After hitting a two 1./2-week low of $1.2979, sterling found some stability. The pound last traded at $1.3004.
On the second trading day of this year, the dollar tumbled as much as 4.4%. It happened cause of a lack of yen liquidity due to the Japanese market holiday. The holiday amplified the dollar/yen’s fall sparked by a rare revenue warning from Apple Inc.
After having bets increased against the yen currency continually for a few months, currency speculators have cut their net short positions slightly, says the data from U.S. financial watchdog published on Friday.
Earlier this month, Beijing and Washington came to an interim trade agreement. After its optimism, support dollar on the global economy. Nevertheless, traders are concerned about the tensions between the United States and North Korea.
Kim Jong Un, the North Korean leader, held a meeting with top military officials. The discussion was about the country’s military capabilities. On Sunday, the state news agency reported that the North might be planning to return in confrontation with Washington.
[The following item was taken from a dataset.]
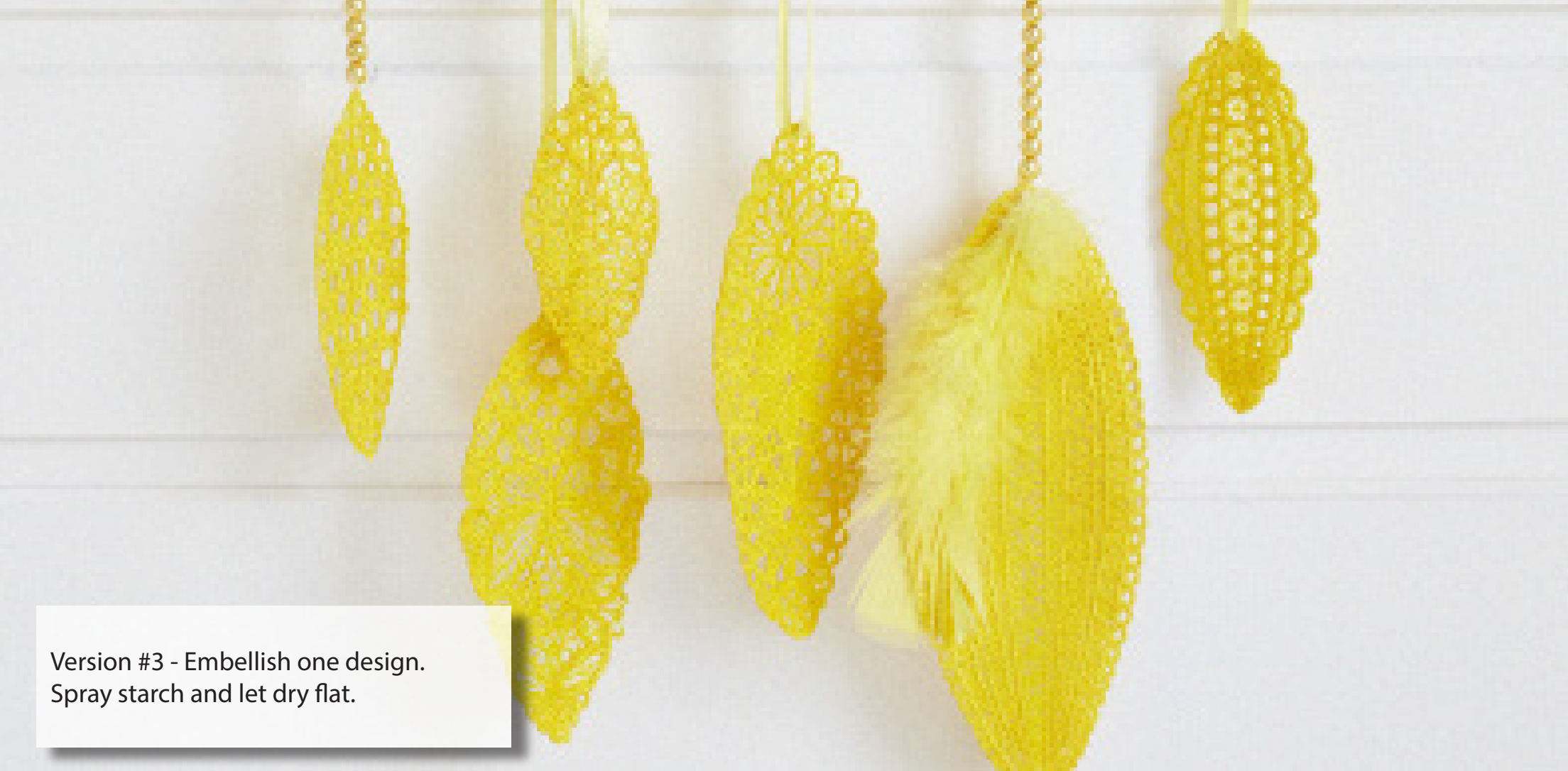
Version #3 - Embellish one design. Spray starch and let dry flat.

Last week was Pound’s biggest weekly fall since October 2016. It had fallen by 2.6%. Boris Johnson, UK Prime Minister, as a hard deadline to reach a trade agreement set December 2020.
The UK Prime Minister won approval for his Brexit Deal in parliament on Friday. It is his first step towards fulfilling his election pledge. The pledge is to deliver Britain’s departure from the European Union by Jan.31.
At the start of the holiday-thinned week, the dollar held firm. The data published on Monday showed robust economic growth. After having suffered its biggest weekly fall in three years, the British Pound found some stability.
The Commerce Department said that in its third estimate of third-quarter GDP, GDP increased at a 2.1% annualized rate. It is unrevised from November’s estimation.
The U.S. economy appears to have stopped slowing, said the Ayako Sera, Market economists at Sumitomo Mitsui.